Visa Reports Decline in Fraud for 4th Straight Year

Visa U.S.A. said its credit card fraud rate has fallen for the fourth straight year.

Citing preliminary results, Visa said fraud losses fell to 0.08% of dollar volume-8 cents out of every $100-from 0.11% in 1996 and a high of 0.19% in 1993.

Visa will report final numbers in April, and expects them to be slightly higher, as more reports will have come in. But the association said transaction volume is growing faster than fraud.

"We are really elated about the drop," said Allan Trosclair, vice president of fraud control for the San Francisco-based association.

Fraud seems to be on the wane in most categories, he said. Fewer cards were stolen in the mail in 1997, and there were fewer cases of identity theft.

MasterCard International said it would not release fraud statistics until April. American Express Co. said it does not release fraud statistics at all.

Visa put out numbers early to tout its view that stricter security measures-now becoming common practice-are defeating credit card crooks.

For example, more banks are mailing newly issued cards that are inactive. The recipients must call their banks to verify receipt and their identities before the cards can be used.

Moreover, Visa established a neural network system in 1995 to spot suspicious patterns in transaction data.

Visa also offers an address verification service to raise the security level on mail- and telephone-order transactions, enabling merchants to match the address supplied by the customer to the one recorded by the card- issuing bank.
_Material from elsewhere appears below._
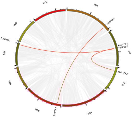 Collinearity analysis of RsIPT genes among radish chromosomes. Different chromosomes are indicated with corresponding number and colors in different regions of circle. The genes connected by the red line are segmental duplication pairs.

Also, banks now use an electronic system set up in 1993 to send reports of fraudulent transactions to the Postal Service through Visa, which bundles the information and sends it along daily. Banks used to file paper reports with the post office; that took longer, so it was harder to target hot zones for fraud.

The anti-fraud measures have incrementally added up to lower fraud losses.

"All of these types of things have been put on credit cards for the different kinds of crimes that occur at different stages in the process," said James L. Accomando, president, Accomando Consulting Inc., Fairfield, Conn.

Though fraud losses may be waning, vigilance will always be essential. "The day you rest on your laurels is when some very large, successful scam will take place," Mr. Accomando said. "You really have to stay there and monitor the very next technology in fraud."

Inside jobs remain among the biggest threats. "If you are actually able to steal" computer tapes, Mr. Accomando said, "forget the magnetic stripe."